Medical trauma is real and it follows you. It’s baffling how common it is to be medically gaslit by someone whose entire job is to listen, diagnose, advocate, and treat, but it happens far too often. It’s difficult to trust any doctor or medical professional when this type of trauma occurs. I’ve experienced it at many stages of my health journey and today, I am lucky I am able to advocate for myself and understand how unkind and ignorant some can be. It’s the children, the uninformed parent, or the older generations that are most likely to be taken advantage of. You’d think in this line of work that empathy would be natural, but it isn’t.
Feeling Out of Place Among People Your Age
This one hurts more than I admit. Everyone around me seems to be building careers, dating freely, having kids, traveling, achieving new things. It makes me feel disconnected, like I’m watching life happen from the outside. I am living on a very different timeline, and while I know it’s not important in the scheme of things, the world we live in tells us otherwise. There is a career clock, a buying a house clock, a very real biological clock, and all of these are measured as successful when you beat it. It’s tough not knowing if, or when, I’ll get there.
This is a very real problem that I am working on in therapy. Whenever something good happens, like a moment of excitement, a physical and mental equilibrium, my first instinct is to brace for the next setback. That’s been the pattern for so much of my life that expecting the worst has started to feel like a form of protection. I’m trying to unlearn that. I’m trying to let myself enjoy things without immediately preparing for everything to fall apart. Even though I’m proud of my strength and the person I’ve become through all of this, it’s still hard not to wonder what my life would look like without all of this.
Living a Double Life
There’s the version of me the world sees: the one who smiles, posts photos, goes to work, makes it through the day, socializes, travels. Then there’s the version that exists behind closed doors: exhausted, overwhelmed, struggling to hold it all together. I am ridiculously good at hiding things.

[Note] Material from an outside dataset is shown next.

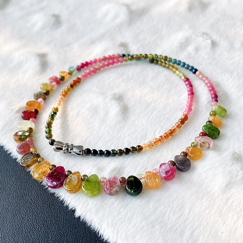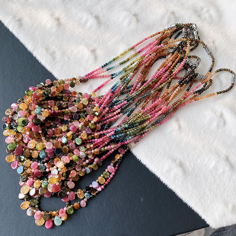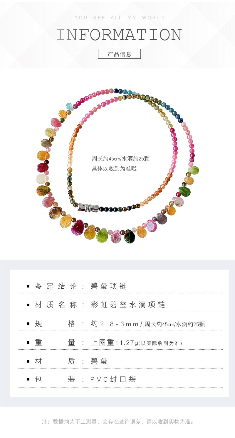 彩虹碧璽水滴項鏈公主鏈通透濃艷女糖果色天然水晶鎖骨鏈時尚飾品

Chronic illness creates this strange identity crisis. Most people never see the real cost of the good moments because they happen only after hours of recovery, pain, pushing through symptoms, or simply having a better day than yesterday. Don’t I get to have good days, too?
A Final Thought
Sharing my complex thoughts doesn’t mean my life is only ever this way. I still laugh. I still enjoy moments with people I love. I still find pockets of bliss, even when my body is fighting me. I will never not embrace these moments or the good days.
I’ve found these conversations are easier for me to express through writing. It feels safer, calmer, and more honest than trying to say them out loud.
I need to remind myself that these realities don’t erase the good in my life or define every piece of who I am. They’re just simply the parts you don’t always see and I promised myself I’d be honest and real if I was going to start this “public diary”.
Maybe one day I can be more vulnerable in the presence of others, but for now, I am healing my younger self and after decades of keeping it pushed down, I feel myself breathing again.
Thanks for reading.


Comments
One response to “The Hard Truths: Hidden Realities of My Chronic Illness”
Absolutely raw and beautiful at the same time. Learning to face the limitations while reminding yourself that there is joy, will be the bravest parts of your journey. Keep expressing, and feeling and loving – a gift for us all.